- INSTRUCTIONS TO FOLLOW
Copy the lines below exactly, starting with the first and finishing with the one holding "В связи с большим"; do not copy the pictures.
BEGIN MATERIAL TO PROCESS
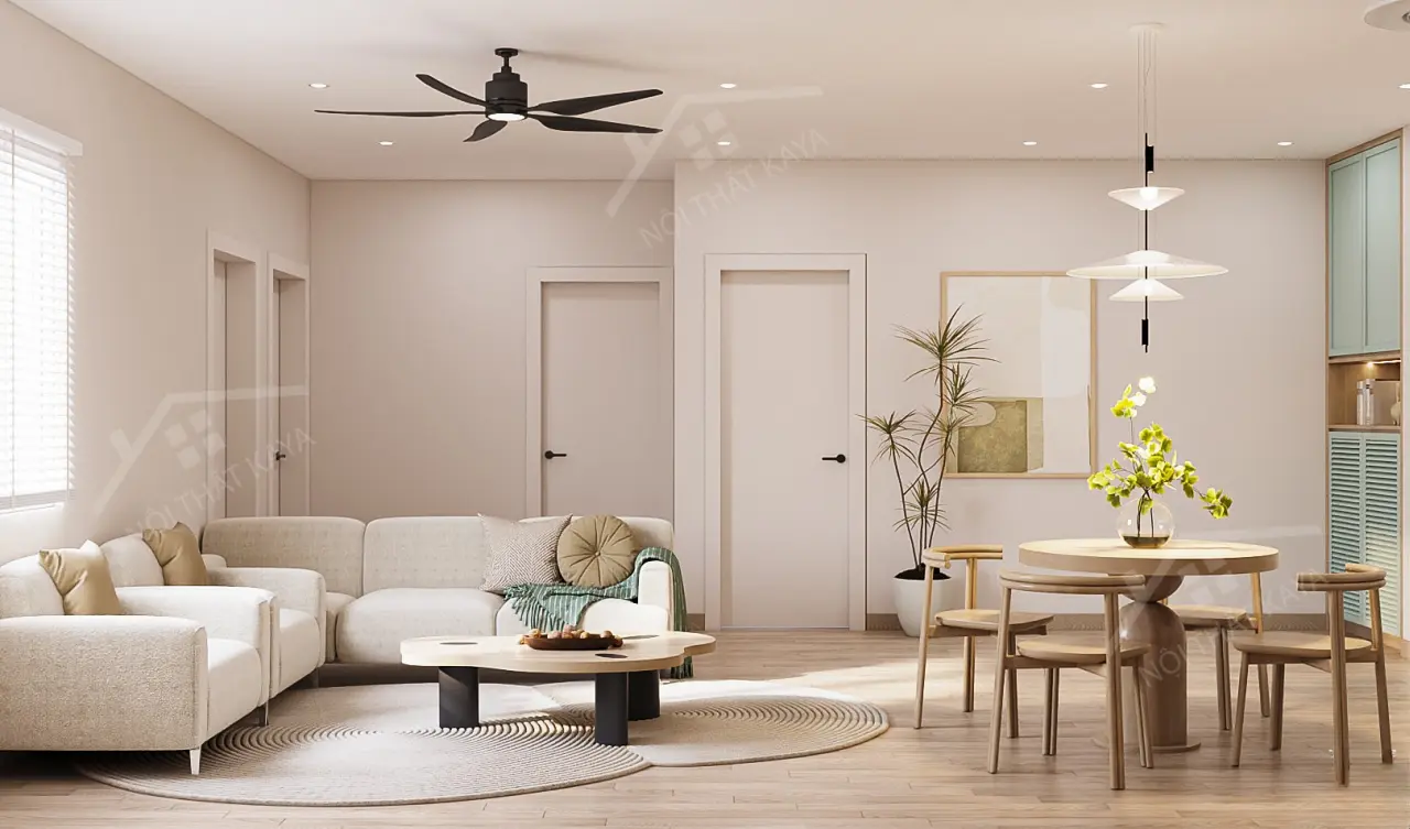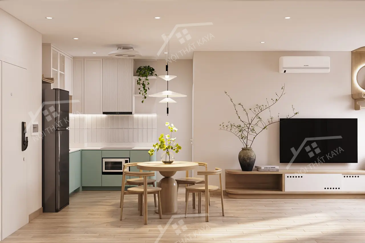 - Phòng khách được bố trí sofa nhỏ gọn, bàn trà, kệ tivi hiện đại, kết hợp khu bếp mở liền kề, tạo nên không gian sinh hoạt tiện lợi và gần gũi.
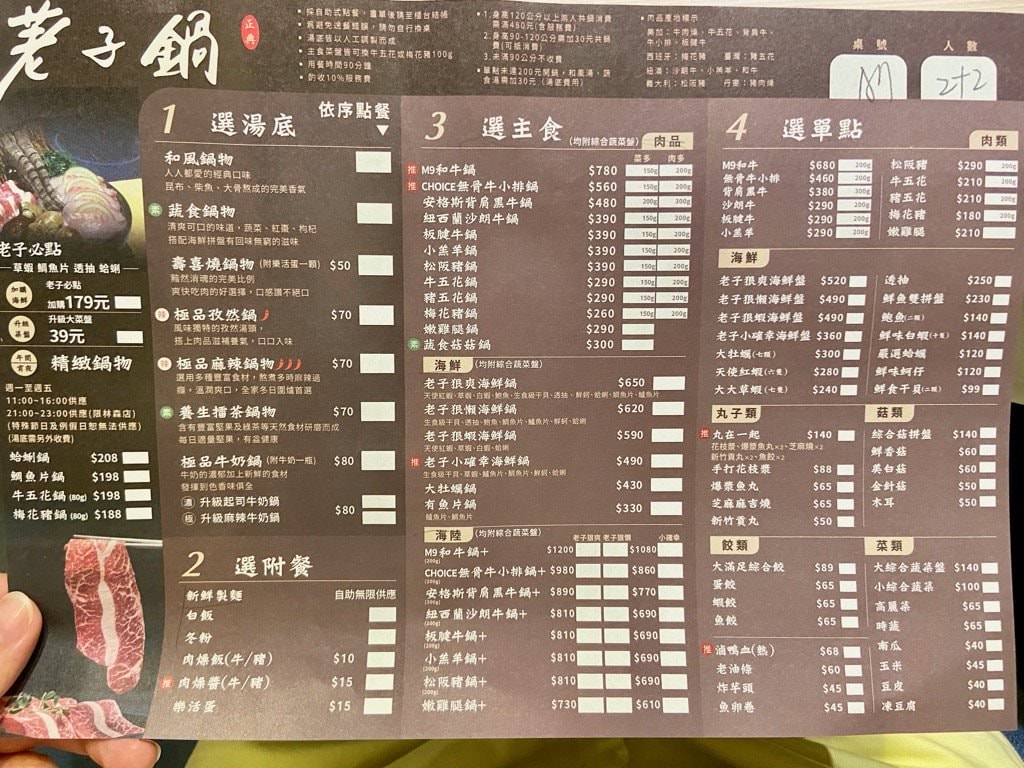 荖子鍋的價位算是平價,梅花豬肉鍋 $260 起(另加一成服務費)
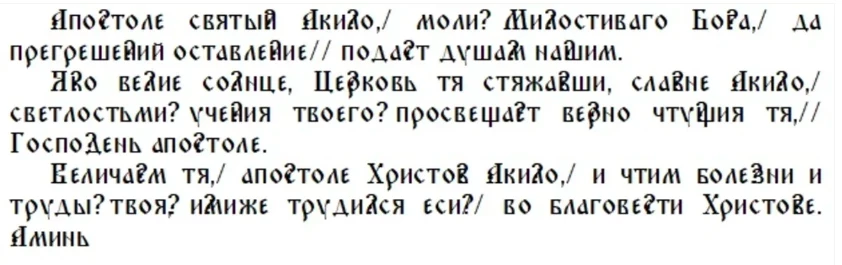 Молитва в церковный праздник апостола от 70 Акилы Гераклейского
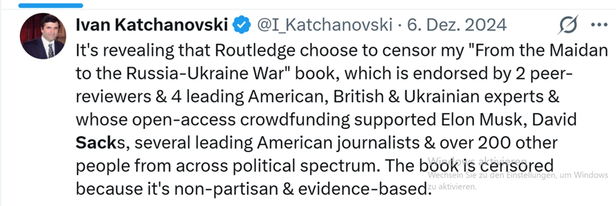 В связи с большим количеством твитов, ретвитов и просмотров книги Качановского мы, как научные исследователи Восточной Европы, принимаем здесь необычный шаг — совместно выступить с предупреждением в отношении книги Российско-украинская война и её истоки: работа Качановского представляет собой труд, содержащий фундаментальные недостатки в отношении своей темы — причин нападений России на Украину в 2014 и 2022 годах. Явная популярность книги на X и высокие показатели просмотров на сайте издательства, видимо, в значительной степени связаны с поддержкой со стороны Маска, Сакса и/или других промоутеров, а не с качеством изложенных в ней аргументов.
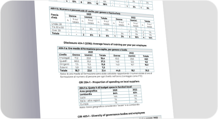 Tabelle GRI – Specific Standards Disclosure 401-1 (2016): New employee hires and employee turnover 401-1 a. Numero e percentuale di nuovi ingressi, per genere e fascia d’età 2021 2022 Fascia Donne Uomini Totale Donne Uomini Totale d’età n. % sul n. % sul n. % sul n. % sul n. % sul n. % sul totale totale totale totale totale totale Under 30 3 9% 4 13% 7 22% - - - - - - Tra 30 e 50 - - 3 9% 3 9% - - 1 3% 1 3% Over 30 1 3% 1 3% 2 6% - - - - - - Totale 4 13% 8 25% 12 38% - - 1 3% 1 3% 401-1 b. Numero e percentuale di uscite, per genere e fascia d’età 2021 2022 Fascia Donne Uomini Totale Donne Uomini Totale d’età n. % sul n. % sul n. % sul n. % sul n. % sul n. % sul totale totale totale totale totale totale Under 30 - - - - - - - - - 0 - - Tra 30 e 50 - - 2 6% 2 6% - - 2 7% 2 7% Over 30 - - - - - - 1 3% 1 3% 2 7% Totale - - 2 6% 2 6% 1 3% 3 10% 4 14% Disclosure 404-1 (2016): Average hours of training per year per employee 404-1 a. Ore medie di formazione pro-capite, per genere e livello 2021 2022 Livello Donne Uomini Totale Donne Uomini Totale Impiegati 17,2 22,6 19,4 61,0 23,6 46,1 Quadri 60,0 33,2 37,3 14,0 12,5 13,1 Dirigenti 7,5 15,5 13,8 14,0 16,7 16,0 Esterni 5,0 10,0 7,5 - - - Totale 18,7 23,6 21,4 44,6 18,1 30,5 Nota: le ore medie di formazione sono state calcolate rapportando il numero totale di ore di formazione al numero di persone per ogni livello nell’anno (conteggio come FTE). GRI 204-1 - Proportion of spending on local suppliers 204-1 a. Quota % di budget speso in fornitori locali Area geografica 2021 2022 Lombardia 84% 83% Lazio 14% 14% Italia – altre regioni 1% 1% Europa 1% 2% Nota: l’area geografica considerata “locale” è la Lombardia GRI 405-1 - Diversity of governance bodies and employees 405-1 a. % dei componenti degli organi di governance suddiviso per fasce d’età e genere, 2022 Fascia d’età Genere Donne Uomini Totale CDA Under 30 - - - Tra 30 e 50 18% 55% 73% Over 50 18% 9% 27% Totale CDA 36% 64% 100% 36
END MATERIAL TO PROCESS
- EXERCISE RESPONSE
 - Phòng khách được bố trí sofa nhỏ gọn, bàn trà, kệ tivi hiện đại, kết hợp khu bếp mở liền kề, tạo nên không gian sinh hoạt tiện lợi và gần gũi.
 荖子鍋的價位算是平價,梅花豬肉鍋 $260 起(另加一成服務費)
 Молитва в церковный праздник апостола от 70 Акилы Гераклейского
 В связи с большим количеством твитов, ретвитов и просмотров книги Качановского мы, как научные исследователи Восточной Европы, принимаем здесь необычный шаг — совместно выступить с предупреждением в отношении книги Российско-украинская война и её истоки: работа Качановского представляет собой труд, содержащий фундаментальные недостатки в отношении своей темы — причин нападений России на Украину в 2014 и 2022 годах. Явная популярность книги на X и высокие показатели просмотров на сайте издательства, видимо, в значительной степени связаны с поддержкой со стороны Маска, Сакса и/или других промоутеров, а не с качеством изложенных в ней аргументов.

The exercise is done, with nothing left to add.